Get all your news in one place.
100’s of premium titles.
One app.
Start reading
Autosport
Autosport

What Hamilton and Leclerc revealed in their responses to Ferrari chairman's "talk less" comment

"You may have heard him say that," growled Peter Capaldi as potty-mouthed political spin doctor Malcolm Tucker during the film In The Loop, "but he did not say that, and that is a fact."

Ferrari's response to executive chairman John Elkann's comments last week was rather less direct than that of their fictional counterparts, but involved similar achievements in the field of mental gymnastics.

Elkann praised Ferrari's World Endurance Championship-winning squad, paid tribute to the mechanics, engineers and floor sweepers of its F1 team, then delivered the slap: the Formula 1 drivers "need to focus on driving and talk less". This in the context of a faltering F1 campaign in which, most recently – *checks notes* – one driver was eliminated from the Brazil Grand Prix through no fault of his own and the other was called upon to park his palpably undriveable car after sustaining damage in a first-corner fracas.

With this in mind, then, you can understand why it would require a star performance in the art of defending the indefensible.

Thus Las Vegas on a Wednesday evening was the venue for a spectacle: Lewis Hamilton and Charles Leclerc, clearly briefed up to their eyeballs, desperately trying to accentuate the positives without fluffing their lines when the subject inevitably came up.

"I'm always willing to do less media…" Hamilton's opening gambit of making a joke about it was a good idea, but sadly fell flat in the room.

Lewis Hamilton, Ferrari, Charles Leclerc, Ferrari (Photo by: Ferrari)

"But no, seriously, I think, look," he continued, grinding the gears of verbiage somewhat rather than shifting seamlessly, "I think we all need to take responsibility in this team and we all need to play our part, and I know that there's so much passion in this team, every single member of this team.

"I'm incredibly grateful for the extraordinary effort every single person back at the factory continues to put in week on week. And naturally, knowing that the team is Ferrari, there's always a huge amount of attention, not always in a positive way, but we're all fully committed to turn this around and I'm fully committed to helping this team rebuild and grow.

"Every challenge is an opportunity for us to grow and learn and I firmly believe that we will get to where we want to be."

It was generic and had more than a hint of the kind of self-help tome you might find in an airport bookshop, but it did the job of answering the question without actually answering it, so job done.

It was Leclerc's turn next, and in this he had the disadvantage of enjoying long-established connections with Elkann, rather than merely having been recently employed by him.

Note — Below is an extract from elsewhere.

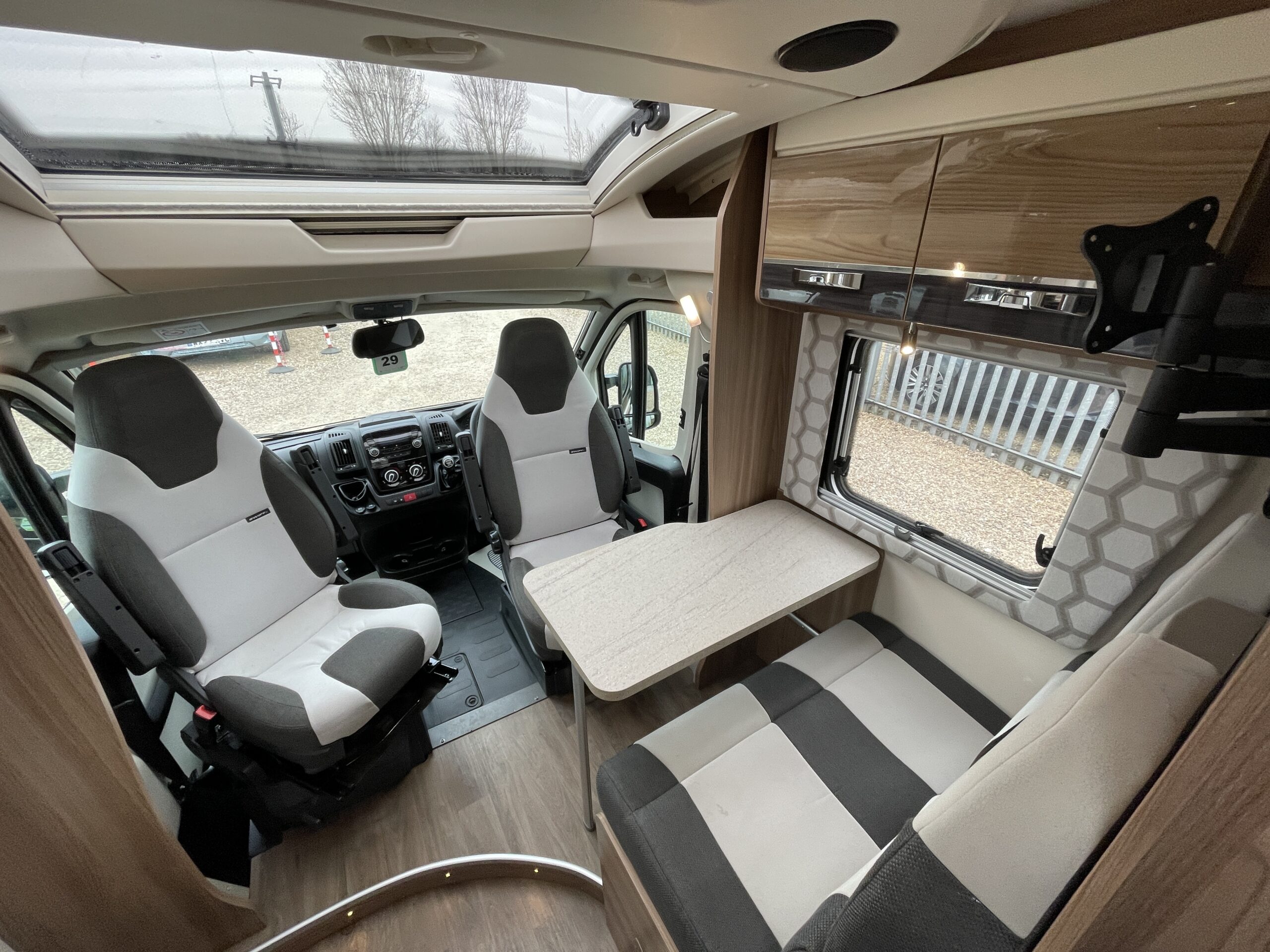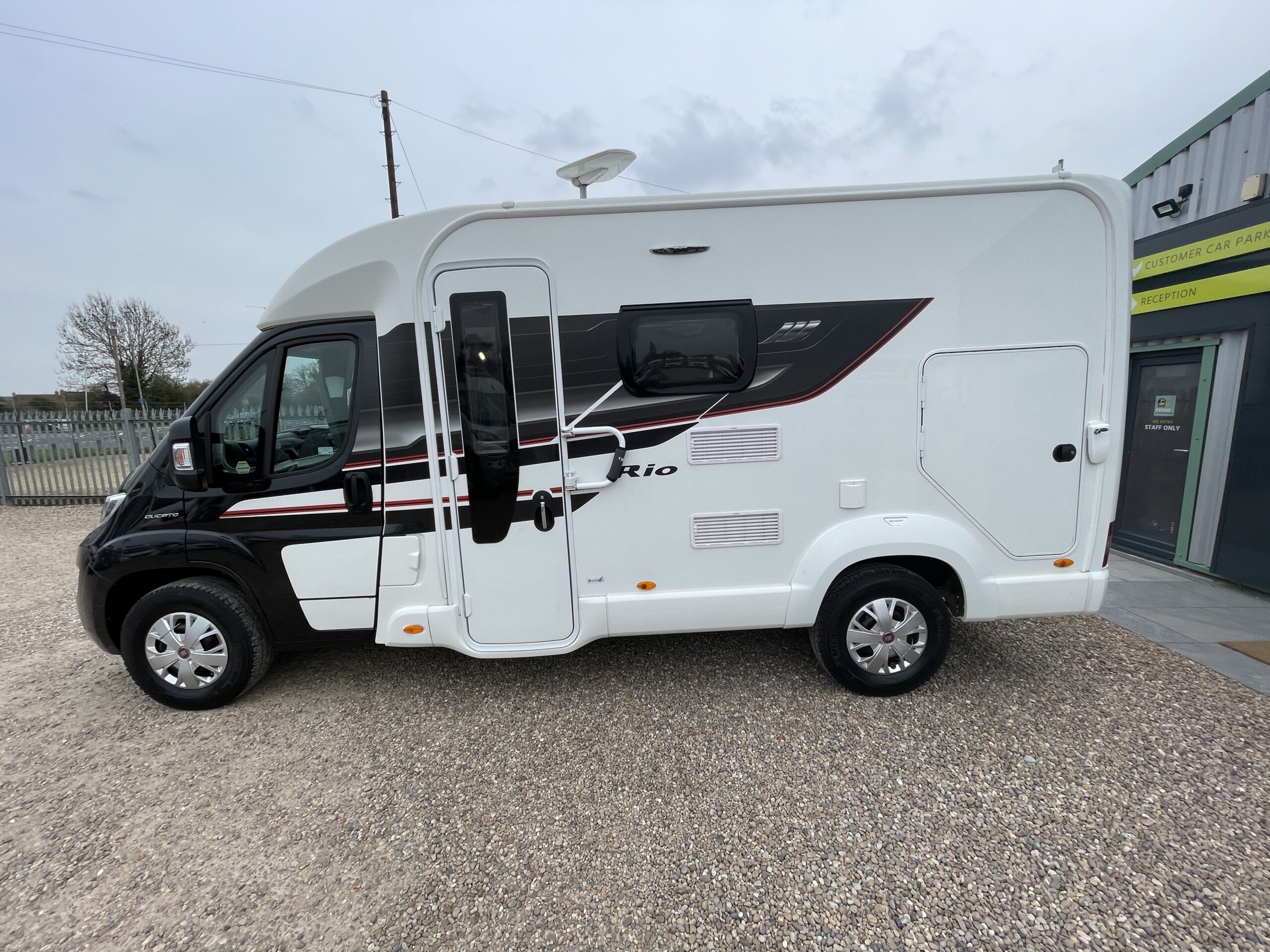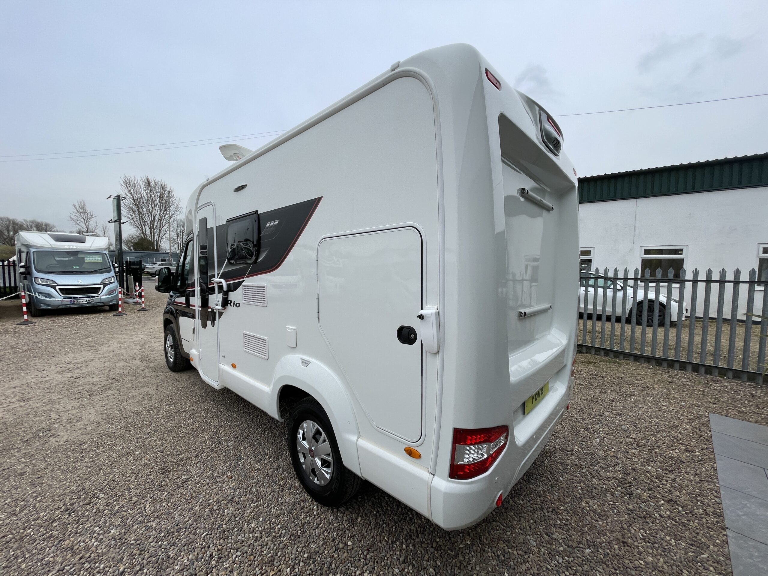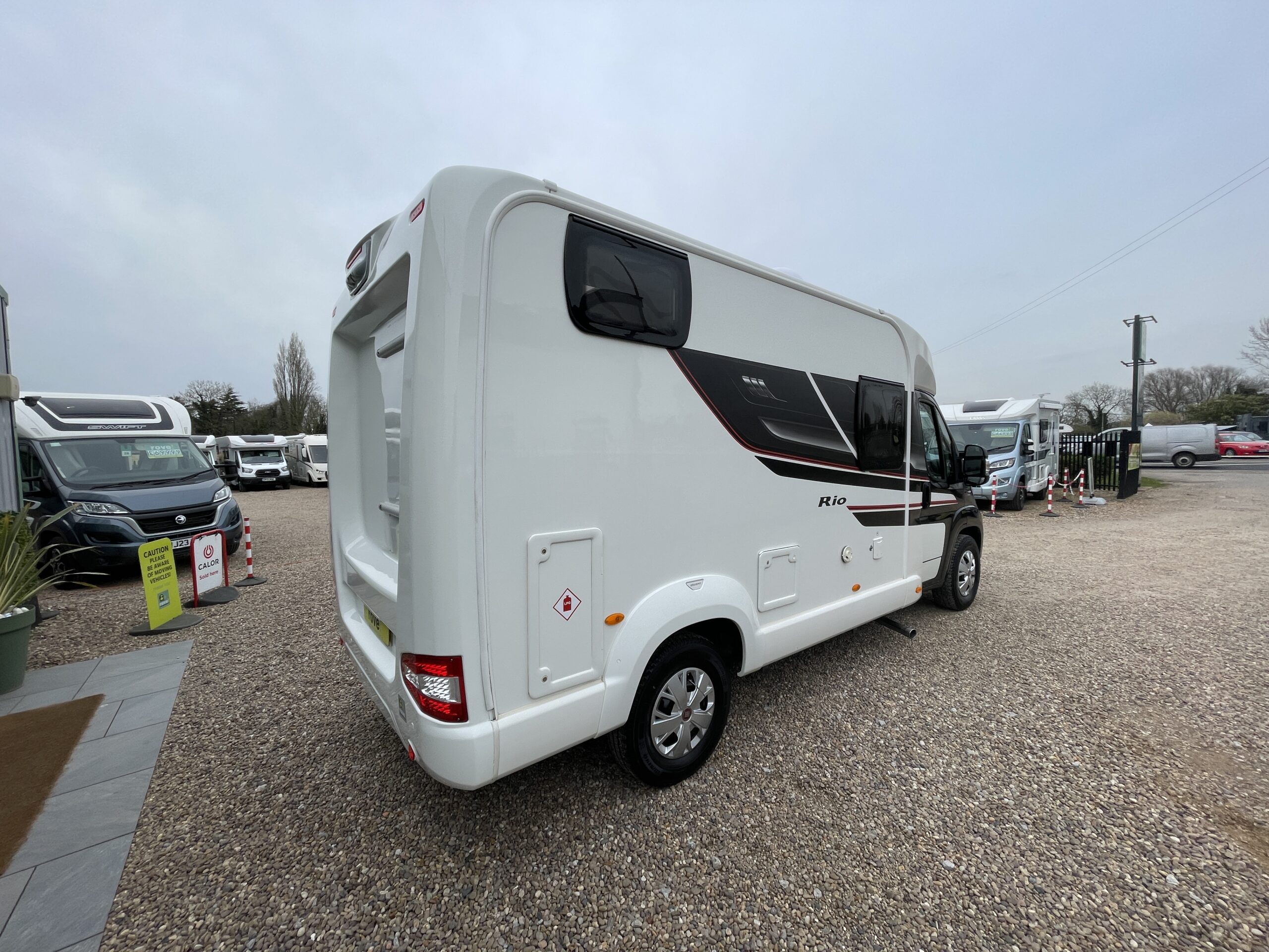 Rove motorhomes Gunthorpe are excited to off this Swift Rio 325. The 325 is a compact lowline coach built motorhome ready for a big adventure! It is compact enough for city streets yet spacious enough for real touring comfort; true all-rounder. It is based on the Fiat Ducato chassis with a 2287cc diesel engine and manual transmission. The cabin benefits from air conditioning, Bluetooth, swivel seats and cabin blinds.

"Yeah, I mean, obviously, I mean," he began in an unpromising bout of verbal wheelspin. "John and I have known each other for many, many years. We have a very good relationship and obviously we've been working together for many years.

Charles Leclerc, Ferrari (Photo by: Mark Sutton / Formula 1 via Getty Images)

"So we know each other and I know John is a very ambitious person and wants to push every people to the maximum in order to have the maximum results. He loves Ferrari, I love Ferrari, we all love Ferrari, and we try to do the best in every situation.

"And I didn't actually see the news. John called me before that, just like he does after every race to catch up and to also tell me that the message he wanted to send was a positive one in saying, yeah, we need to do better and that is clear for everyone. So really, we are aligned and I'll do absolutely everything in order to bring back Ferrari to the top."

Pleasing though it must have been to hear of it straight from the prancing horse's mouth, as it were, Charles was edging into "you may have heard him say that but it's not what he said" territory. And so it continued.

"John has always been very honest with me. And I think that is very rare. When you're in Formula 2, Formula 3, it's very easy to meet actually people that are honest with you. When you get to Formula 1 your status changes a little bit, it's a lot more difficult to actually find people that are honest with you.

"John has always been extremely honest with me and when he thinks I've done something wrong, or that anybody has done something wrong in the team, he will say it. And when he called me, he told me what were the intentions of his words.

"And that was very clear. It was a positive message, trying to be positive. Then whichever way it's been expressed, I cannot really comment and it's not my job to comment. But the intent was positive and that's what really matters to me."

Ferrari F1 team in preparations (Photo by: Tayfun Coskun / Anadolu via Getty Images)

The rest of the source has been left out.